Does Ranked-Choice Voting Really Work?

All else equal, it would be good to reduce divisive partisanship in politics and to get elected officials who are more generally representative of their constituents' views. At least it seems like that would be good. Upon typing it I immediately have my doubts that I can both defend those goals as meaningful and desirable. And even if I can, it might be ridiculous on its face with the "all else equal" qualifier being impossible.

After all, all else equal, I would love to be worth $100 billion.

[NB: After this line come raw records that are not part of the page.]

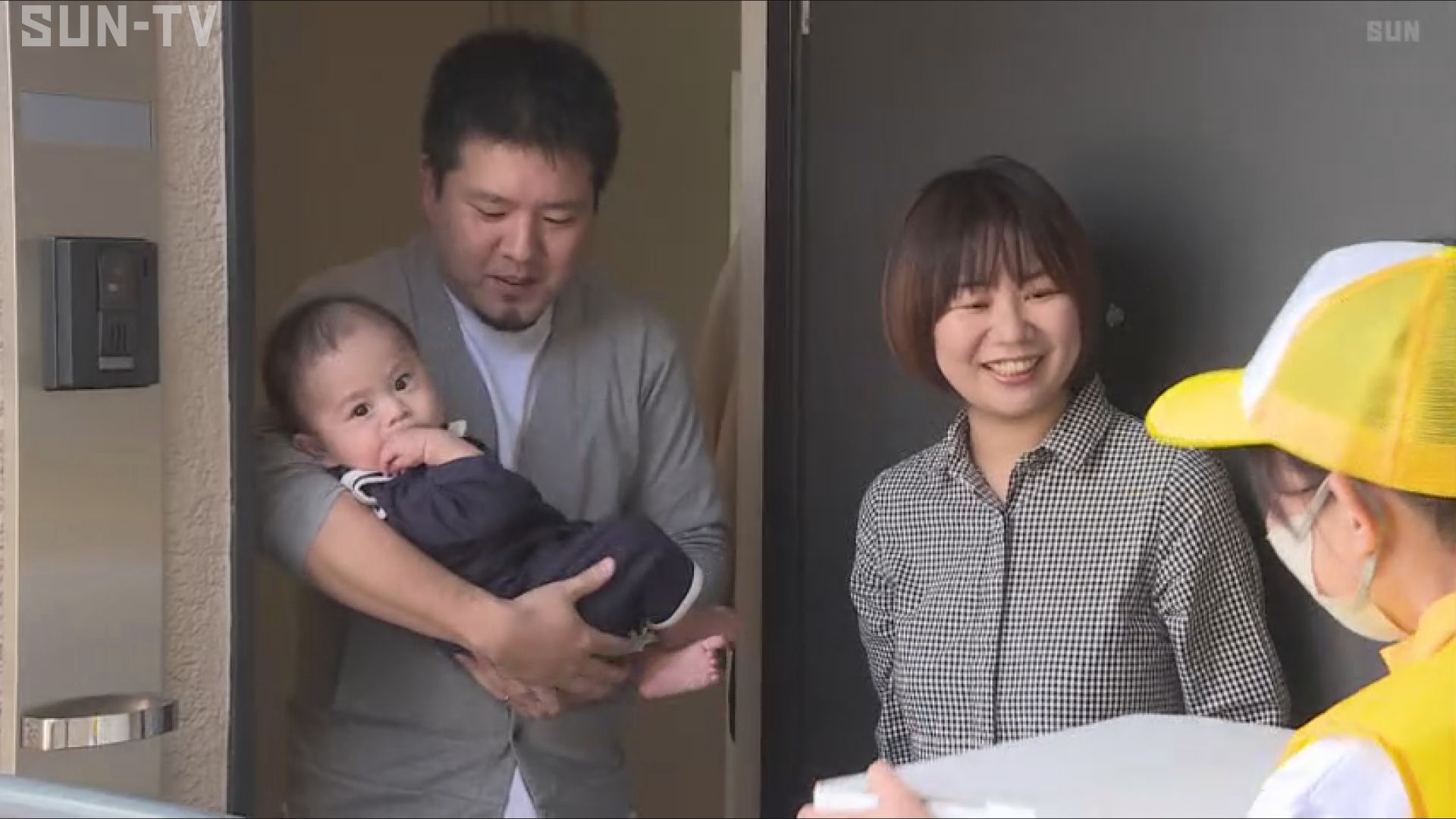 出発した配達員は早速、市内の子育て世帯を訪問し、育児用品を届けました。
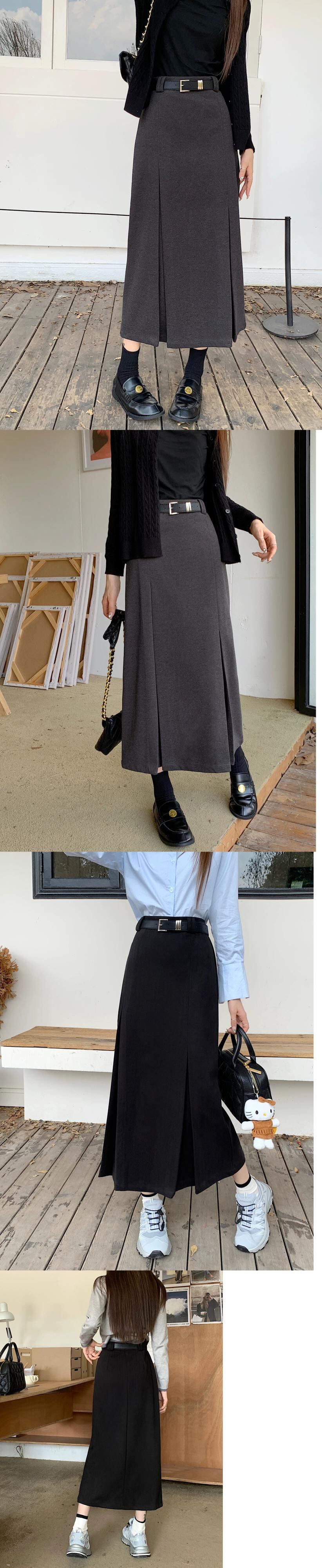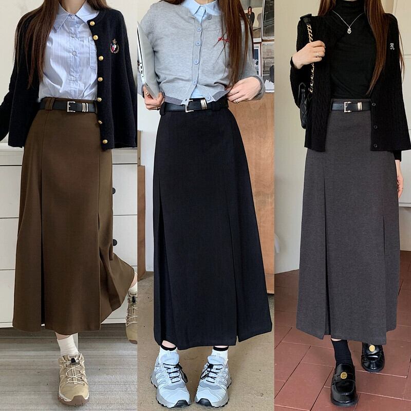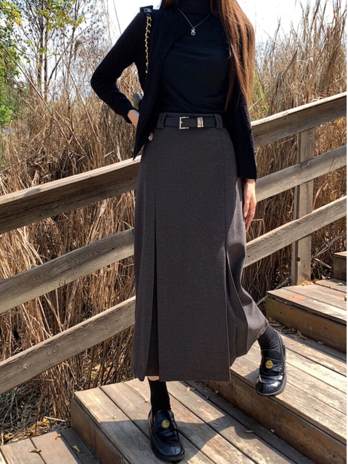 ウールのレトロなストレートスカートの女性の 2024 秋の新しいハイウエストスリムプリーツデザインのミドル丈スカート オータム 秋物 missk87219787984
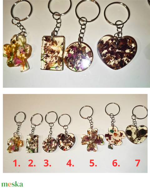 Epoxigyanta kulcstartó, átlátszó. Kulcstartó szárított virágokkal. Költség 1 darab termékre

Regardless, let's briefly explore one possible method of improving elections, ranked-choice voting (RCV); aka, instant-runoff voting. From Ballotpedia ranked-choice voting is
an electoral system in which voters rank candidates by preference on their ballots. If a candidate wins a majority of first-preference votes, he or she is declared the winner. If no candidate wins a majority of first-preference votes, the candidate with the fewest first-preference votes is eliminated. First-preference votes cast for the failed candidate are eliminated, lifting the second-preference choices indicated on those ballots. A new tally is conducted to determine whether any candidate has won a majority of the adjusted votes. The process is repeated until a candidate wins an outright majority.
Let me state up front that I very much like this as something that might help break the two-party duopoly that corruptly prevails in America today. This is a goal that isn't necessarily in line with the reasoning that RCV could reduce divisiveness, etc., but I think it is consistent with those goals. 

Yet a simple but extreme thought experiment gives me some doubts about RCV as a cure for the supposed ails. 

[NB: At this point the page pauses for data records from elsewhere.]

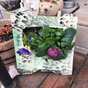 パンジービオラの寄せ植えです😊 真ん中にピンクのチューリップ🌷の球根が、入ってます。春まで、少し隙間が空いてしまうので、かわいい、お客さんにすわってもらいました😊
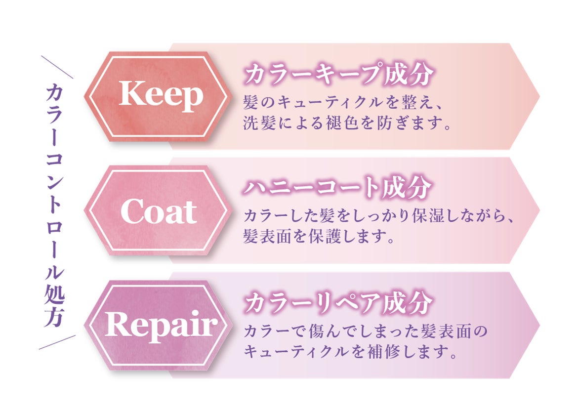 ヘアカラーを繰り返す髪にうるおいを与え、カラーコントロール処方により染めたての髪色をキープしサラツヤの仕上がりに導きます。
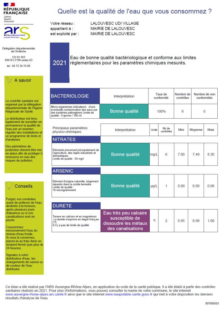 Selon l’Agence Régionale de Santé (ARS), l’eau de Lalouvesc était de bonne qualité bactériologique et conforme aux limites réglementaires pour les paramètres chimiques mesurés en 2021.
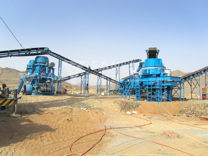 反擊破/圓錐破:原料經過粗碎后,由皮帶輸送機送到反擊破碎機(軟料:如石灰石)、或者圓錐破碎機(硬料:如河卵石、花崗巖)內進行二次加工處理,成品粒度3-60mm,再由振動篩合理篩分后,不合格石料、不滿足制砂,返回反擊破重新破碎。
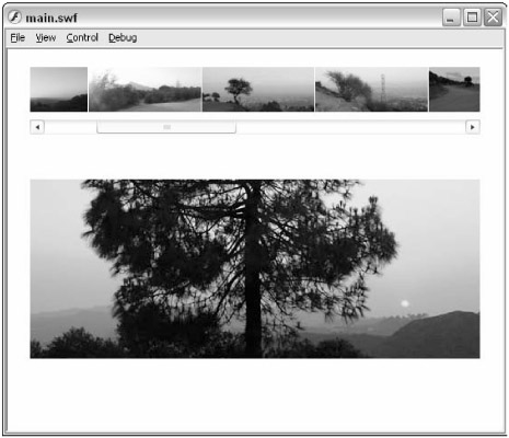 Go back to the main_starter.fla document and test it (Ctrl+Enter or z+Enter). When all of the thumbnails have loaded, the horizontal scroll bar for the ScrollPane instance should display, enabling you to scroll to more thumbnail images. Refer to Figure 35-8.
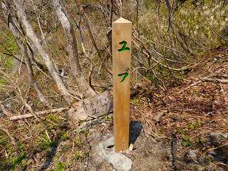 落合から30分登った「ユブ」に、登山口と十字路までの距離が書かれた案内がありました。
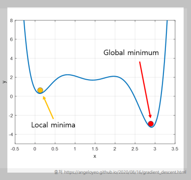 ■ 문제점 1. 극소값(local minimum)에 도달할 수 있다는 것이 증명되었으나 전체 최소값(global minimum)으로 갈 수 있다는 보장은 없음. 극소값에 머물러 있다는 단점. 2. 훈련이 느림

Consider this election ballot: 
  • Jesus
  • Almost The Devil
  • A Goofball
  • The Devil
Now suppose that we hold the election and the first-place results are:
  • Jesus - 38%
  • Almost The Devil - 30%
  • A Goofball - 20%
  • The Devil - 12%

Under RCV we don't yet have a winner because no candidate has a majority. So, we eliminate the lowest first-place vote getter and give his second-place votes to the remaining candidates. Presumably in this hypothetical everyone who voted for The Devil, who has now been eliminated, put Almost The Devil as second place. Therefore, the new results are:

  • Almost The Devil - 42%
  • Jesus - 38%
  • A Goofball - 20%
We still don't have a majority vote getter; so we now eliminate A Goofball whose voters equally split their votes for Jesus and Almost the Devil as second place. Therefore, the new results are:
  • Almost The Devil - 52%
  • Jesus - 48%
My hypothetical has resulted in Almost The Devil defeating Jesus. That seems bad on its face. Additionally it probably does not satisfy the Condorcet criterion (a known short coming of RCV among other systems). This is just one way RCV might not live up to our dreams. The Volokh Conspiracy at Reason explores another, similar dampening of expectations for what RCV can achieve in heavily contested elections. 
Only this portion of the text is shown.